Spoiler alert: I have included some of the plot line in this review
Finding Max, by Darren Jorgensen, is really the story of Gary, a social worker, who is still struggling, seventeen years later, with the abduction of his five-year-old brother Max from the playground where Gary was supposed to be watching him. It is clear there was nothing eight-year-old Gary could have done to prevent the event, and when the police didn’t believe his story, his alcoholic mother was arrested, tried and found guilty of Max’s murder.
Perhaps because of his profound sense of helplessness, Gary now helps other lost people at homeless shelter in New York City. One day he interrupts a co-worker interviewing a homeless man for assistance at the shelter and discovered that ‘David’ is really his brother Max. Reintroducing himself and getting to know his brother and what happened to him requires patience, tact and delicacy because Max is a deeply traumatized young man. At the same time, Gary is balancing a new relationship with a young Asian woman, Jean, whom he met when she served him coffee at a local shop. This is Jean’s story, too, since she has been cast out by her father for her modern ways.
Max was abducted by a man who traffics in young boys for pedophiles, and his enforcer, an evil man called Quinn, has been searching for Max ever since he escaped from the basement in which he’s been head for years while being loaned out. Quinn has an unnatural sexual attraction to Max, which he considers love, and which is why Quinn didn’t kill him when Max reached puberty. Max has been hiding among the homeless in NYC to escape Quinn, who is tracking him.

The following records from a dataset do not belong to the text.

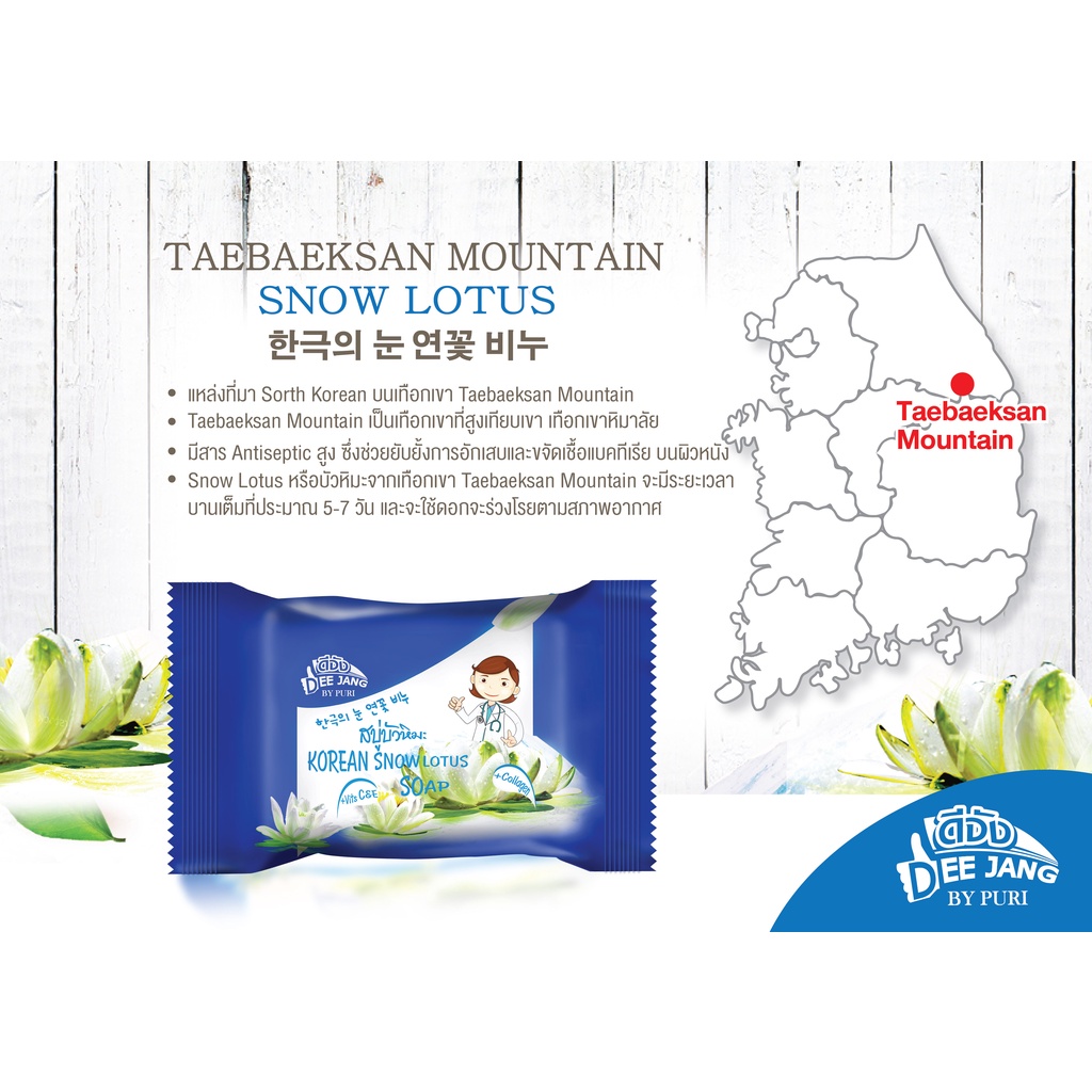 สบู่ดีจัง Deejang Soap สบู่สมุนไพร บัวหิมะ (แพ็ค3) สูตรลับเกาหลี หอมสดชื่น ลดสิวอักเสบ หน้าขาวใส เนียนนุ่ม (สบู่ไหมทอง)
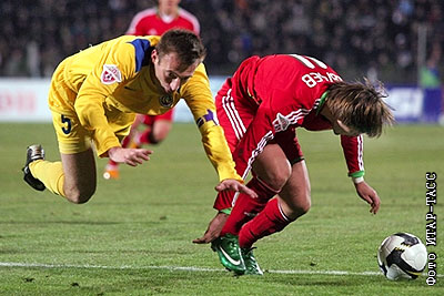 Игроки "Ростова" Александр Черкес и "Локомотива" Дмитрий Сычев (слева направо) в матче чемпионата России по футболу: "Ростов" (Ростов-на-Дону) - "Локомотив" (Москва) - 1:1
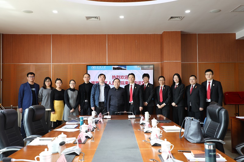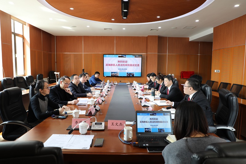 (通讯员 郭金石 摄影 李泽鹏)2020年3月24日,天津市滨海新区人民法院(天津自由贸易试验区人民法院)审委会专职委员田学新,民四庭庭长张俊者,北塘中关村科技园中心法庭庭长包津燕,北塘中关村科技园中心法庭法官田瑞刚、张红杰,民四庭法官齐姗姗等一行六人到访天津大学法学院。法学院院长孙佑海,副院长杨健,王绍喜副教授、杨梦莎老师、余慧华老师等出席座谈。
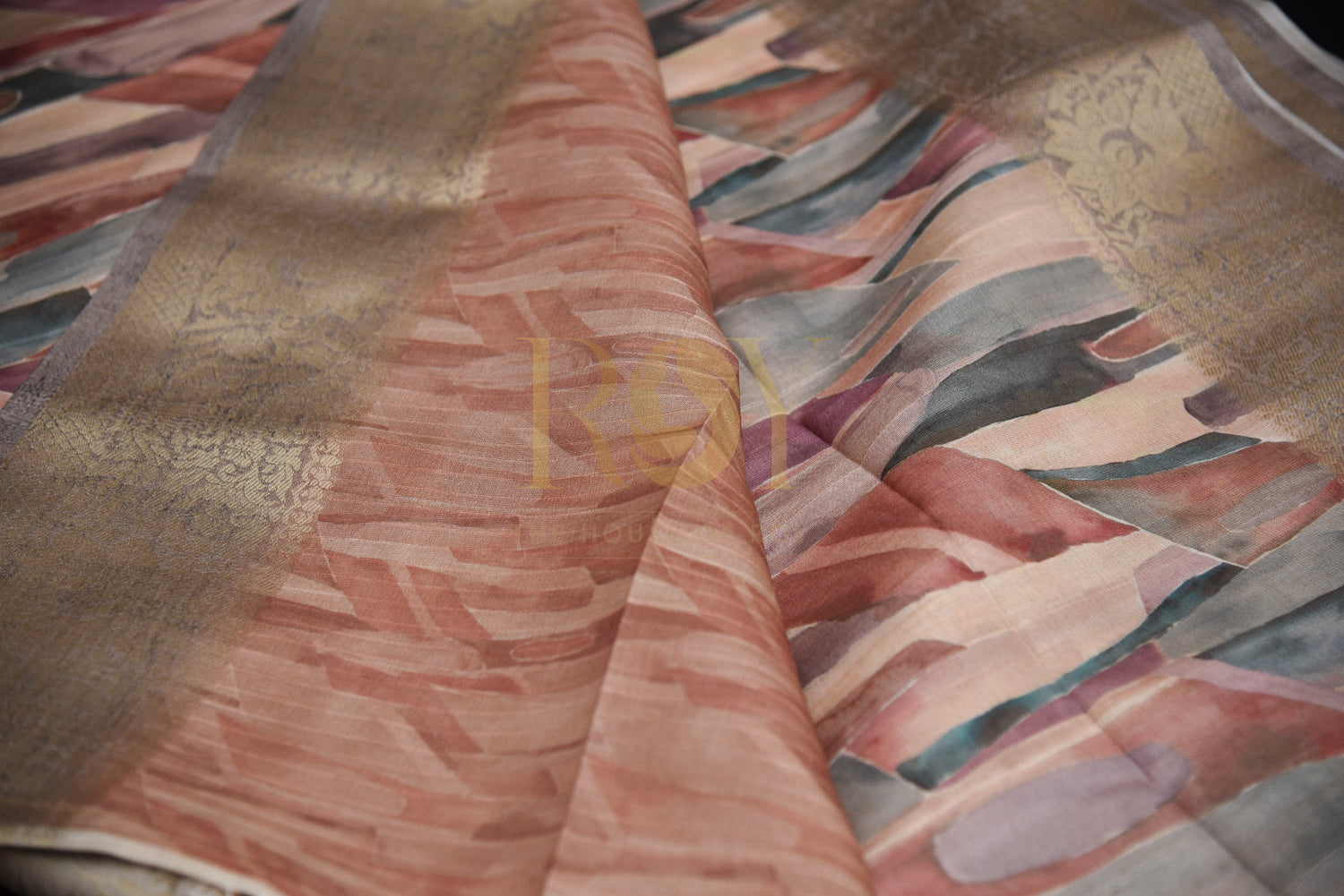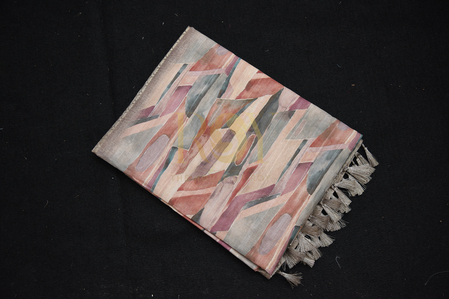 Digital Printed Mix Cotton Saree with Jari & Contrast Blouse
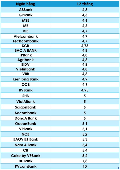 Ngân hàng có lãi suất thấp nhất ở kỳ hạn này là ABBank với 4,3%, GPBank 4,6%, MSB 4,6%.

During the period when Gary, Jean and Max learn to love and trust each other, they become a functional group dedicated to protecting Max from Quinn, who has managed to find him. They must make a choice: to run from Quinn or stand and face him.
My review:
This book is not for the faint of heart. It is very gritty, with graphic sex and violence, which normally I abhor, and it deals with pedophilia and homelessness, two topics that most people find very uncomfortable. Nevertheless, it is written with such brutal honesty that it was difficult for me to put the book down. The relationships were extraordinarily real as were the descriptions of pedophilia and the homeless – so much so that I wondered if the author himself was recounting some aspects of his own life.
The pursuit of Max by Quinn was a thriller, and I didn’t mind the longer passages of exposition since they enriched the story. Quinn’s reappearance, initially as he probed Max’s new relationship with his brother, and later as he pursues Max, Jean and Gary into the homeless underground of the city was absorbing.
The only weakness I found was the nature of Jean’s supposed illness – she is emaciated and gaunt to the point of appearing like a concentration camp survivor – which left me wondering where she found her considerable energy and why she had not sought medical attention. Lack of medical insurance these days is not much of an excuse.
I can recommend the book if the readers are prepared for what it contains. It Is powerful and searing and the characters and their situations stayed with me a long time after I finished it.
About the author
Darren M. Jorgensen has always fed his passions through book clubs and writing groups. After working at the United Nations and attending Brown University, he eventually found his way back to his first love, writing. He wrote Finding Max, in just 12 days. He now lives in his native Alberta with his extraordinary wife, Ginette, and likes to walk with his dogs, Molly and Dobby—both named for Harry Potter characters—through the golden fields behind his home on a farm with too many snakes slithering through the grass. He was twenty-two when he wrote his first book, The Searing, and states that his occupation is writing, all the time.
You can find Darren Jorgensen on
Twitter: @authordarren
At his book site: https://findingmaxtrilogy.com/
And on Facebook: https://www.facebook.com/darren.jorgensen.35
Thanks Noelle.
This is a great review Noelle, I’m not sure I like the sound of the content but it has intrigued me. I wish I had more time for novels, I tend to listen to audio books on the tube and trains so that I can concentrate better.
Thanks for stopping by, Charlotte. Right now you need to concentrate on your career – I hardly read at all when I was an up and coming academic, saving it for the beach in the summer. I trust all is well and you are singing your heart out!
Dear Noelle,
Thank you so very much for taking the time out of your own schedule to read and review Finding Max. I appreciate it more than you know. And thank you for taking the time and care to provide your audience with such a well-written review, too.
All my best,
Darren M. Jorgensen
Thank you, Darren. That’s the nicest reply I’ve ever had from an author!